Christopher Gilligan, director of Brigham and Women’s Spine Service Line and associate chief medical officer of Brigham and Women’s Hospital (Boston, USA) talks to Spinal News International about restorative neurostimulation and how this technology can help treat those patients who suffer chronic low back pain.

What is restorative neurostimulation?

Restorative neurostimulation stimulates the multifidus muscle, which is the strongest stabilising muscle of the lumbar spine. The point here is that patients who have severe refractory chronic low back pain often have inhibition of that muscle. Consequently, they have a loss of neuromuscular control of their spine and a loss of functional spine stability.
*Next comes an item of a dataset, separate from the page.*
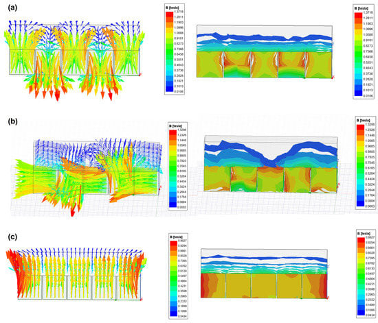 To propose low electrical percolation threshold designs for the fabrication of sensors, MWCNT interaction with more than one magnet was simulated. Three different configurations of permanent magnets were studied. The first pattern consisted of the use of permanent magnets in an alternating configuration; the second pattern consisted of a Halbach array; and finally, the third pattern consisted of the utilisation of permanent magnets in a design where the surface of the magnets had the same polarity. The configurations were first simulated using ANSYS software and then replicated in the laboratory. The magnets were placed under MWCNT/PDMS nanocomposites with a concentration of 0.1 wt.% before the cure of the polymer. Figure 8 represents the simulation results for the magnetic field distribution and the magnetic flux lines for the three different configurations.
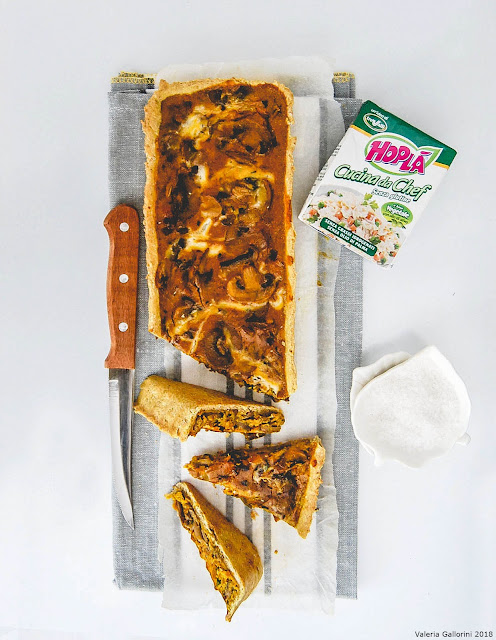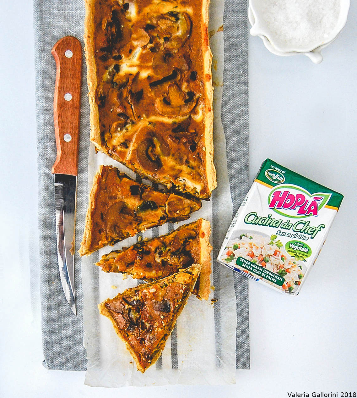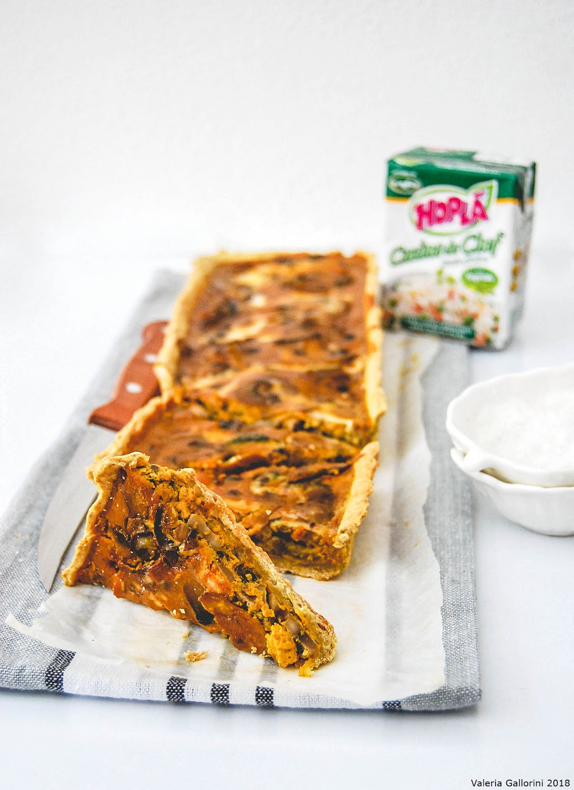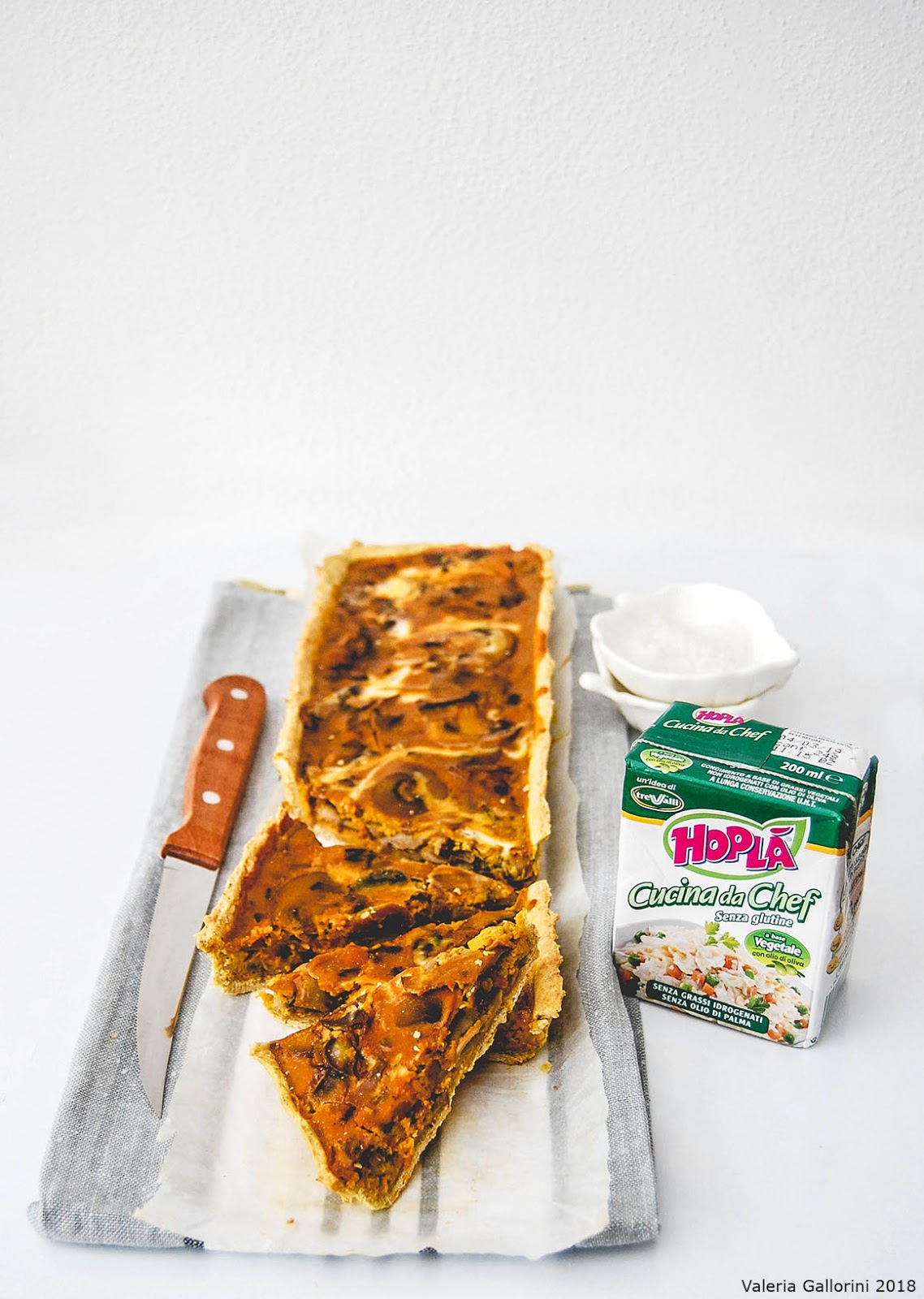 Un croccante guscio di leggera frolla all’olio e curcuma che racchiude un morbido e saporito ripieno di zucca, funghi e Hoplà Cucina da chef, il condimento a base vegetale con olio di oliva, senza grassi idrogenati e senza olio di palma.

By using an implanted neurostimulator—that they turn on for 30 minutes twice a day—they are stimulating the multifidus, causing contractions, overcoming that inhibition, restoring their neuromuscular control and their functional spinal stability, and in that way, getting a reduction in pain and a reduction in disability.

What is the ReActiv8-B trial?

We studied a total of 204 patients at 26 centres around the world: Four in Australia, six in Europe and 16 in the USA. Our patients, on average, had 14 years of severe, refractory chronic low back pain. They had been to, on average, 31 physical therapy sessions and had all tried medications. In fact, more than a third (37%) of our patients started the study on opioid pain medications for their low back pain. None of our patients had prior spine surgery and all of our patients also had, on physical examination, signs of dysfunction in their multifidus muscle. We then implanted all of those patients and have followed them out to 36-months.

What were the key three-year results that you presented at the 2022 DWG-Kongress (7–9 December; Berlin, Germany)?

Key three year results that we presented include the fact that patients started on average with a pain score of 7.3. This is severe pain. However, after 36 months of stimulation, on average, their pain score was 2.3, which is mild pain. When it comes to disability, our patients on average started at 39 on the Oswestry Disability Index (ODI). That is right where moderate meets severe disability. After 36 months of stimulation, they were at 16 on average, and that is mild disability.

Finally, for health care related quality of life, after 36 months of stimulation, on average our patients had an EQ-5D score that was approximating a normal healthcare related quality of life for a similar population. When it comes to opioids, 49% of the patients on opioids voluntarily eliminated them and 22% voluntarily reduced them.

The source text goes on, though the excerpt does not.